Task to complete: Make an exact copy of all the entries, with the pictures left out.

Supplied information:

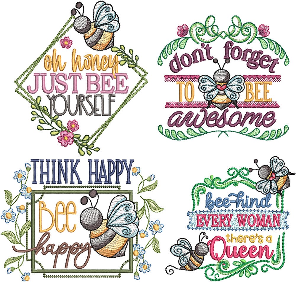 Stitch something as sweet as honey! Our Bee Word Art Set 1 has four BEE-utiful embroidered sayings, each embellished with lovely frames and floral accents.
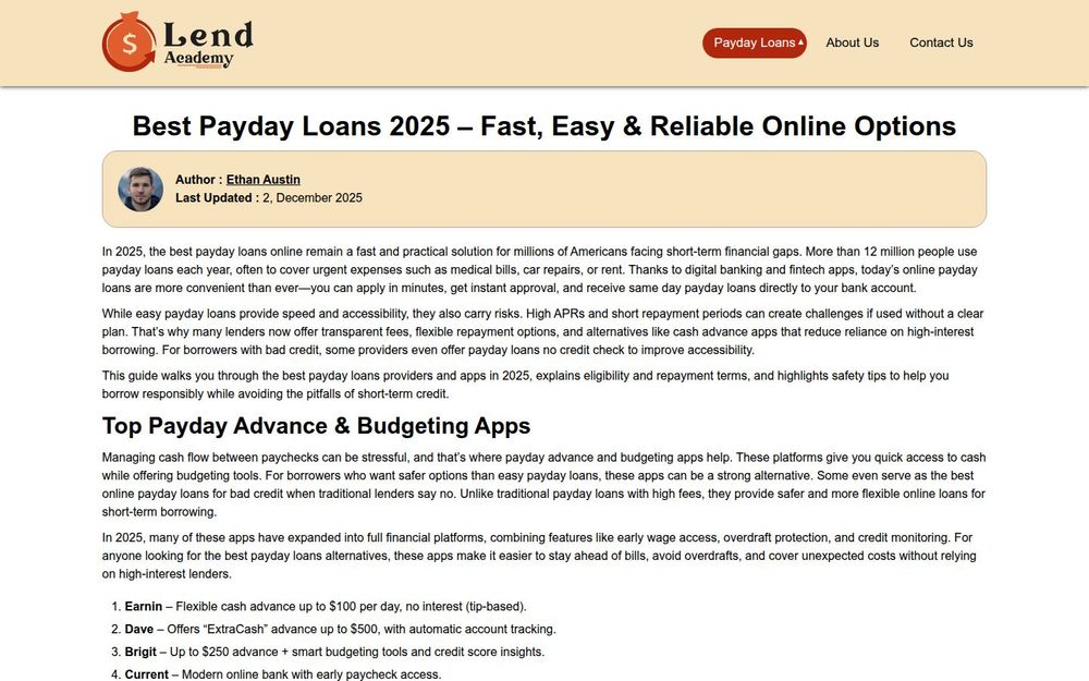 本指南由 LendAcademy 撰写,聚焦2025年可用的发薪日贷款(payday loans)及其更安全的替代方案。文章不仅评估传统线上发薪日贷款的速度与可及性,还深入介绍了以现金预支、提前发薪和预算工具为核心的金融应用如何在紧急场景中取代高成本短期借款。文中兼顾优点与风险,强调透明费用、还款计划与合规性的重要性,旨在帮助借款人理性决策并规避债务陷阱。
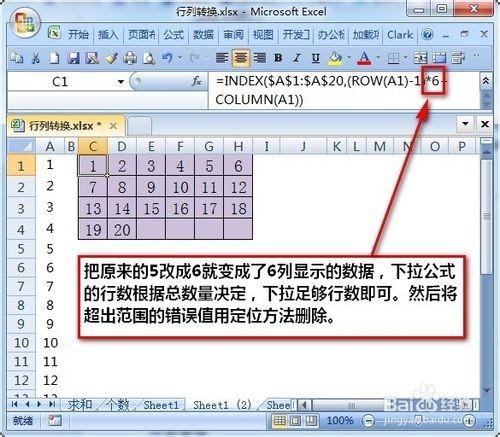 此法是第三、四种方法的逆方法,如下图,要将单列数据变成4行5列的表格,在C1输入公式:=INDEX($A$1:$A$20,(ROW(A1)-1)*5+COLUMN(A1)),右拉5列,下拉4行公式即可完成行列的转换。
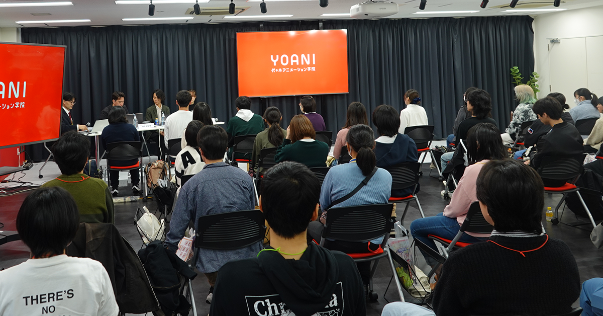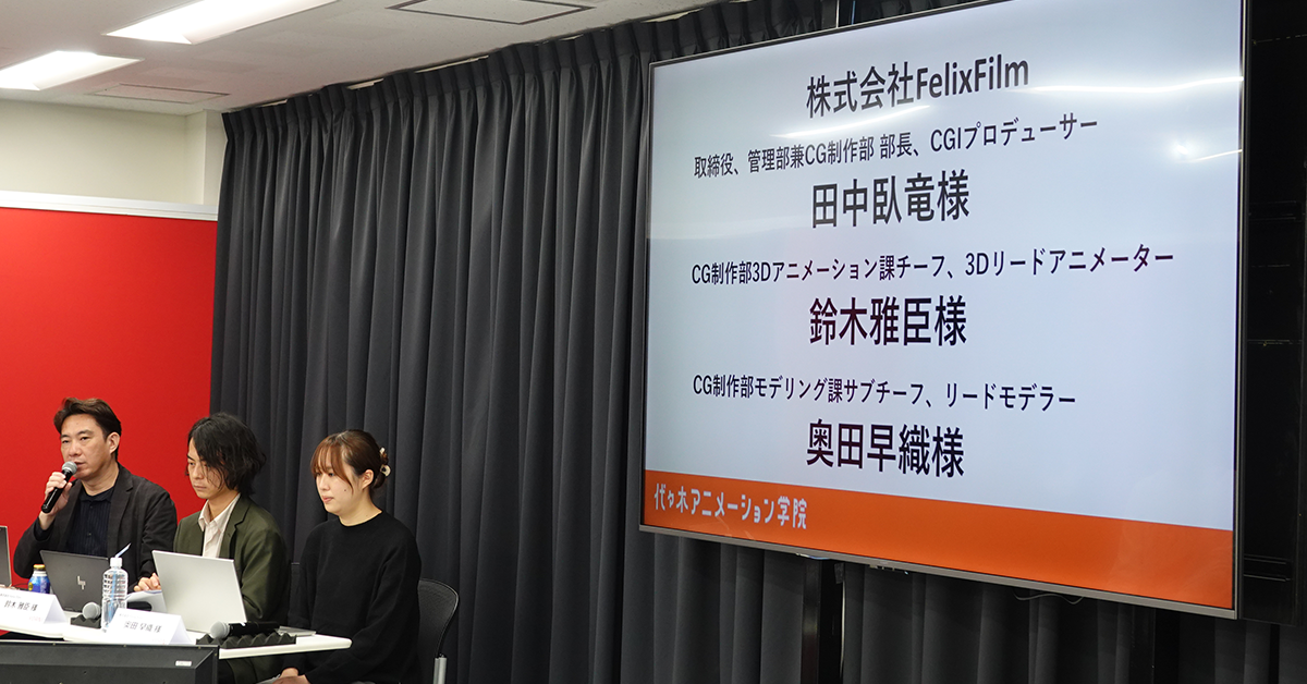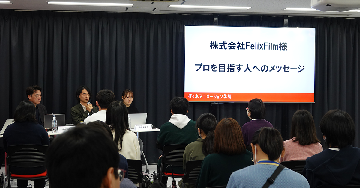 2025年10月25日、代々木アニメーション学院東京校で開催されたオープンキャンパスでは、3DCGアニメ制作会社・株式会社Felix Film様をゲストに迎えてトークイベントを実施しました。
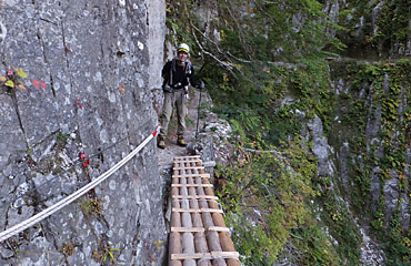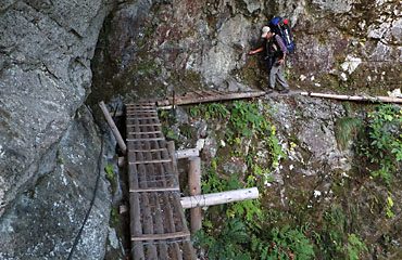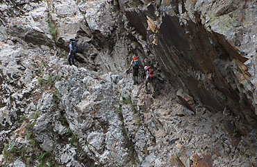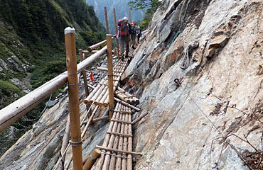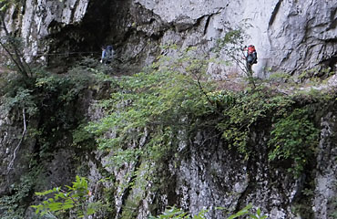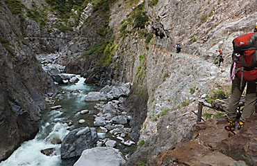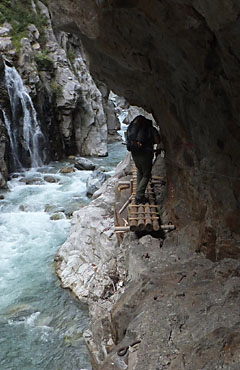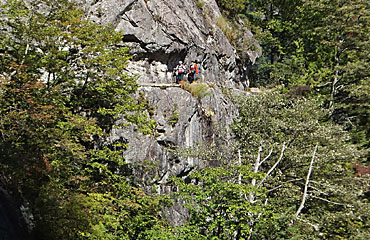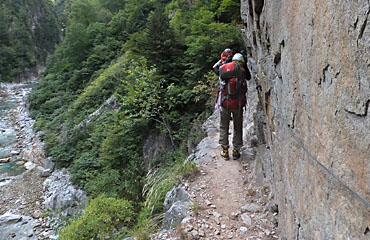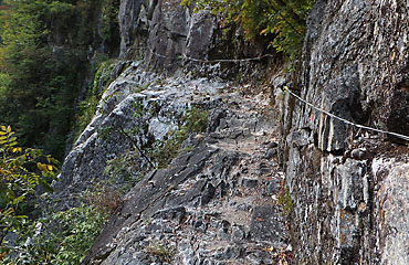 水平歩道は最初のうちは森林帯だが、すぐにアドレナリン出まくりの絶壁コースに 模様替えする。垂直に近い岩壁に幅0.5〜1m、高さ2〜3mの、”コ”の字型にくり抜いた道が延々と続く。

Worked solution:
 Stitch something as sweet as honey! Our Bee Word Art Set 1 has four BEE-utiful embroidered sayings, each embellished with lovely frames and floral accents.
 本指南由 LendAcademy 撰写,聚焦2025年可用的发薪日贷款(payday loans)及其更安全的替代方案。文章不仅评估传统线上发薪日贷款的速度与可及性,还深入介绍了以现金预支、提前发薪和预算工具为核心的金融应用如何在紧急场景中取代高成本短期借款。文中兼顾优点与风险,强调透明费用、还款计划与合规性的重要性,旨在帮助借款人理性决策并规避债务陷阱。
 此法是第三、四种方法的逆方法,如下图,要将单列数据变成4行5列的表格,在C1输入公式:=INDEX($A$1:$A$20,(ROW(A1)-1)*5+COLUMN(A1)),右拉5列,下拉4行公式即可完成行列的转换。
 2025年10月25日、代々木アニメーション学院東京校で開催されたオープンキャンパスでは、3DCGアニメ制作会社・株式会社Felix Film様をゲストに迎えてトークイベントを実施しました。
 水平歩道は最初のうちは森林帯だが、すぐにアドレナリン出まくりの絶壁コースに 模様替えする。垂直に近い岩壁に幅0.5〜1m、高さ2〜3mの、”コ”の字型にくり抜いた道が延々と続く。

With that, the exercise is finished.